(Stored dataset items)
■ ■ ■ ■ ■ ■ ■
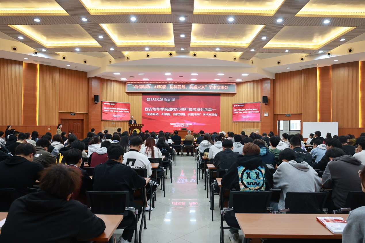 为庆祝西安培华学院建校95周年,2023年10月10日,智能科学与信息工程学院在明德楼四层报告厅举办”信创驱动、AI赋能、协同发展、共赢未来”学术交流会。
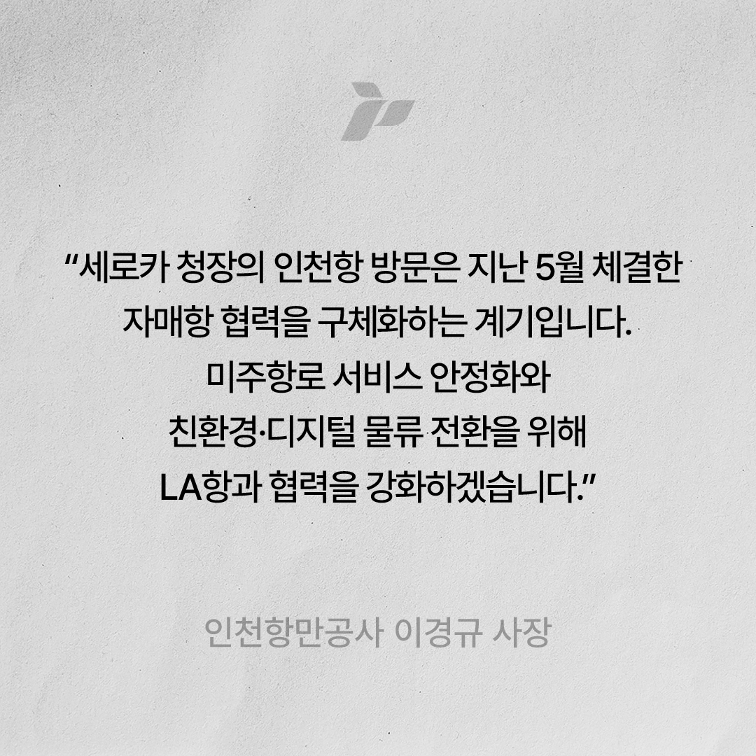 세로카 청장은 인천항만공사 이경규 사장과 3개 본부 부사장 등 임원진을 만나
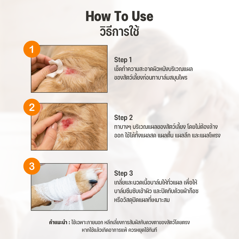- ทาบาล์มบางๆ วันละ 1 ครั้ง บริเวณผิวที่มีปัญหา เช่น เเผลสด เเผลอักเสบ เเผลรอยข่วน เเผลหลังผ่าตัด
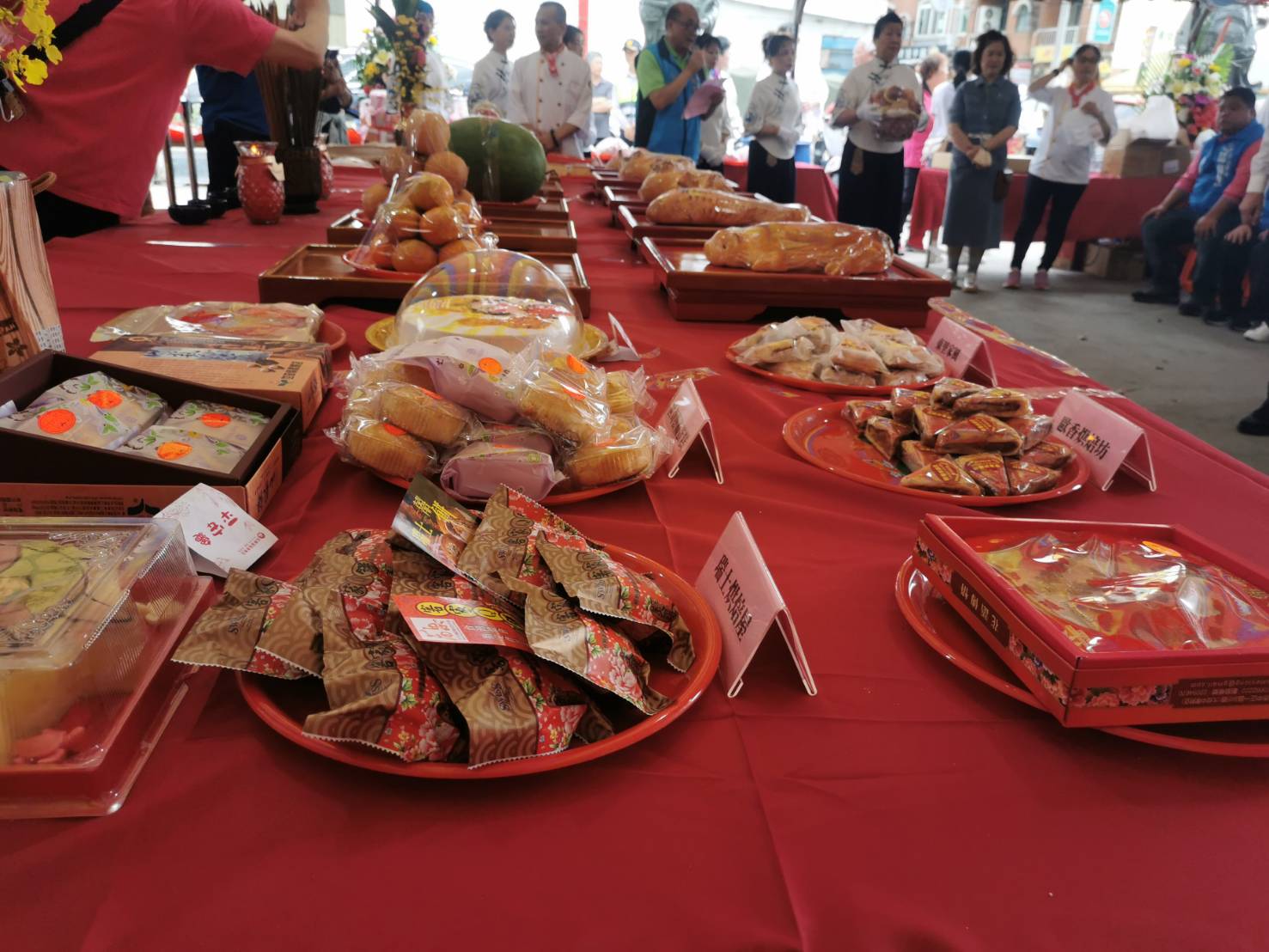 每年農曆3月23日為媽祖娘娘誕辰,今年的媽祖生日落在國曆4月20日,苗栗縣糕餅商業同業公會理事長賴廷基表示,公會和龍鳳宮為了幫媽祖祝壽,已連續13年舉辦「巨桃獻壽」活動。現場也使用各家糕餅舖製作的招牌特色糕點以及糕點製成的素五牲祭祀,順道也推廣苗栗名產麻糬餅。
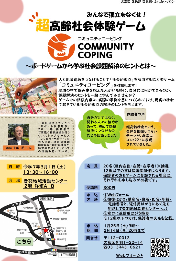 【募集】3/1(土)13時30分~16時ふれあいサロン音羽「超高齢社会体験ゲームコミュニティコーピング」を開催します。人と地域資源をつなぐことで「社会的孤立」を解消する協力型ゲームを通して、社会課題解..
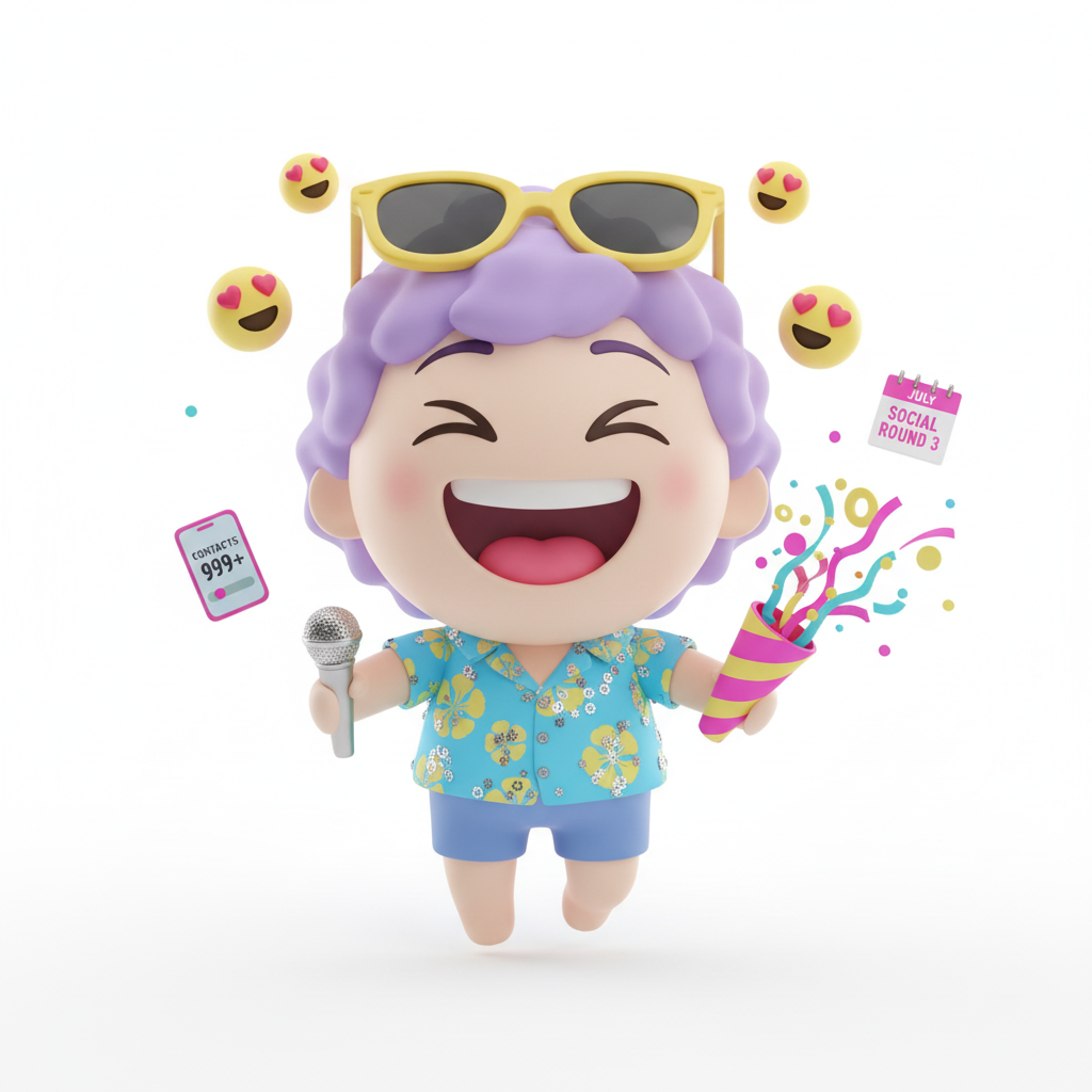 你的通讯录长度约等于一本中型城市的黄页,虽然叫得出名字的可能不到一半——没关系,重要的是制造快乐,不是记住名字。 你是最先发起局的人、也是最后离开的人。 有时候你得在两个局之间进行高难度的"时空穿越"。 至于什么时候留点时间给自己?排不开,下周再说。
■ ■ ■ ■ ■ ■ ■
Exercise » Each record above should come back exactly the same, only without its pictures.

Exercise result »
 为庆祝西安培华学院建校95周年,2023年10月10日,智能科学与信息工程学院在明德楼四层报告厅举办”信创驱动、AI赋能、协同发展、共赢未来”学术交流会。
 세로카 청장은 인천항만공사 이경규 사장과 3개 본부 부사장 등 임원진을 만나
- ทาบาล์มบางๆ วันละ 1 ครั้ง บริเวณผิวที่มีปัญหา เช่น เเผลสด เเผลอักเสบ เเผลรอยข่วน เเผลหลังผ่าตัด
 每年農曆3月23日為媽祖娘娘誕辰,今年的媽祖生日落在國曆4月20日,苗栗縣糕餅商業同業公會理事長賴廷基表示,公會和龍鳳宮為了幫媽祖祝壽,已連續13年舉辦「巨桃獻壽」活動。現場也使用各家糕餅舖製作的招牌特色糕點以及糕點製成的素五牲祭祀,順道也推廣苗栗名產麻糬餅。
 【募集】3/1(土)13時30分~16時ふれあいサロン音羽「超高齢社会体験ゲームコミュニティコーピング」を開催します。人と地域資源をつなぐことで「社会的孤立」を解消する協力型ゲームを通して、社会課題解..
 你的通讯录长度约等于一本中型城市的黄页,虽然叫得出名字的可能不到一半——没关系,重要的是制造快乐,不是记住名字。 你是最先发起局的人、也是最后离开的人。 有时候你得在两个局之间进行高难度的"时空穿越"。 至于什么时候留点时间给自己?排不开,下周再说。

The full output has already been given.